TIP: The rice will finish cooking in its own steam, so don't peek!

2
2

• Meanwhile, cut carrot into thin sticks and reserve two portions for lunch. • Trim pea pods and roughly chop. • In a small bowl, combine mayonnaise and the rice wine vinegar. Set aside.

TIP: Grate the carrot, if preferred!

3
3

• In a large frying pan, heat a drizzle of olive oil over high heat. When oil is hot, cook beef mince and mixed sesame seeds, breaking up with a spoon, until browned, 2-3 minutes. • Add ginger paste and remaining garlic and cook until fragrant, 1 minute. • Add oyster sauce, the soy sauce, the brown sugar and sesame oil blend (see ingredients) and stir until bubbling, 1-2 minutes. Transfer to a bowl and cover to keep warm.

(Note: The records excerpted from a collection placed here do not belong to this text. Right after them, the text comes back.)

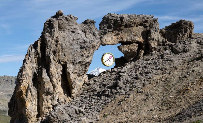 Το καλλιτεχνικό δίδυμο GÆG – οι με βάση το Μόναχο Wolfgang Aichner και Thomas Huber – εγκατέστησε ένα γιγαντιαίο ρολόι σε μία «κάσα» από εντυπωσιακό φυσικό τοπίο προσκαλώντας τους επισκέπτες να βιώσουν από πρώτο χέρι το πώς μπορούν να επηρεάσουν τις κινήσεις των δεικτών.
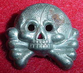 This is a very fine silver-finished steel jawless skull for the Panzer collar tab. All three mounting prongs are present.
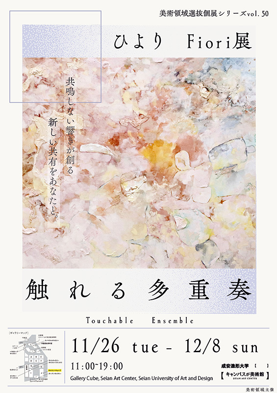 2024年11月26日(火)~12月8日(火)まで、成安造形大学【キャンパスが美術館】ギャラリーキューブにて、美術領域選抜個展シリーズ vol.50 北山ひより Fiori個展「触れる多重奏」を開催いたします。
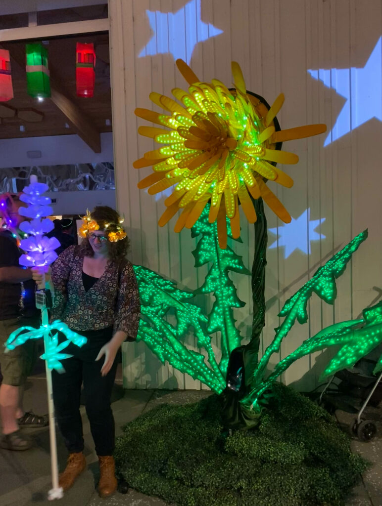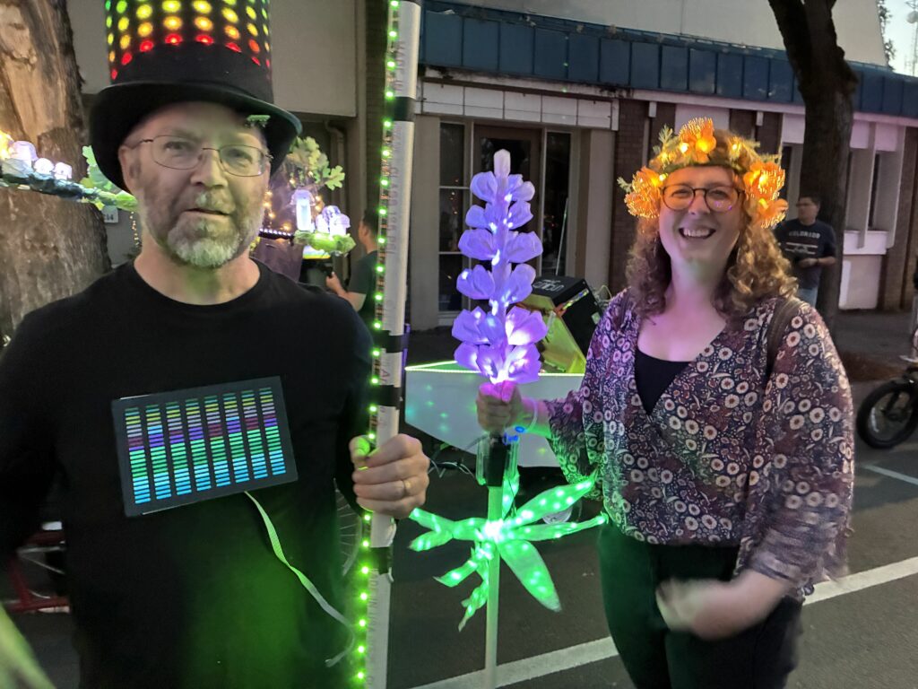 Leading up to the event we tabled with past- and future- S.L.U.G. queens and SHIFT Cycles at the downtown Art Walk. We put on workshops with the BRiGHT Parade at MECCA and Lookout for participants to come and get help from our low-voltage heroes, advising folks on how to illuminate their costumes and floats.
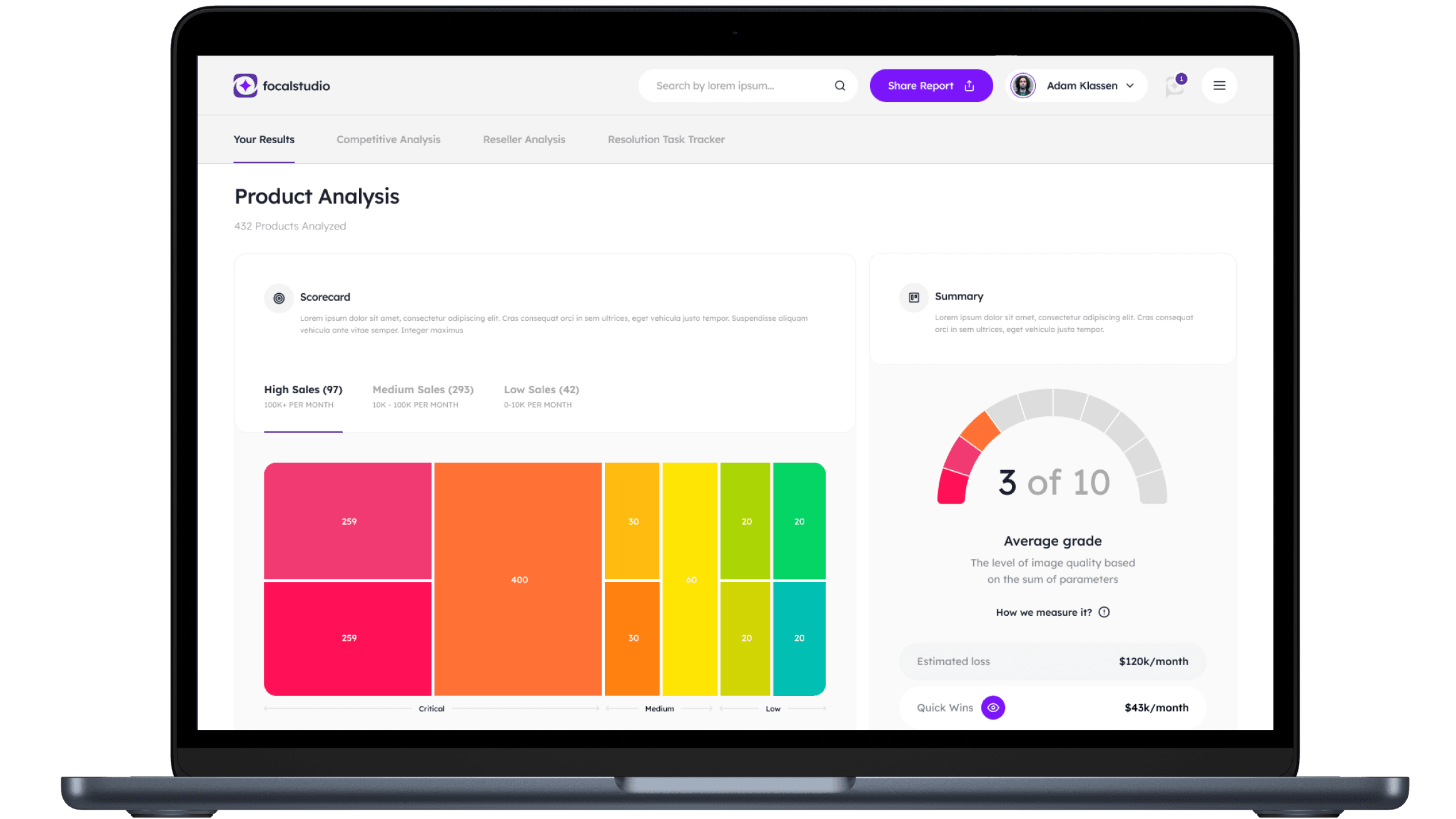 We designed benchmarking functionality that allows the user to easily see what their competitors are doing on a macro and micro scale. Again, ensuring that actionable steps can be taken by the user to refine.

TIP: For best results, drain the oil from the pan before adding the ginger and garlic.

4
4

• Return pan to medium-high heat with a drizzle of olive oil. Cook pea pods and remaining carrot, tossing, until just tender, 2 minutes. • Set veggies aside on a plate. Cover to keep warm. • Return pan to a high heat with a drizzle of olive oil. Crack in the eggs and fry until the yolks are cooked to your liking, 2-3 minutes.

5
5

• Reserve two portions of beef for lunch. • Divide garlic rice between bowls. Top each bowl with remaining beef, the cooked veggies and a fried egg. • Serve with a dollop of the prepped mayo.

6
6

• When you're ready to pack lunch, slice cucumber into thin sticks. • Divide reserved beef between two microwavable containers. Between two more containers, divide mini flour tortillas, cucumber, mixed salad leaves, reserved carrot and a garlic aioli packet. Refrigerate. • At lunch, microwave beef in 30 second bursts until heated through. Spread aioli over tortilla wraps, then top with veggies and beef. Roll up wraps to serve. Enjoy!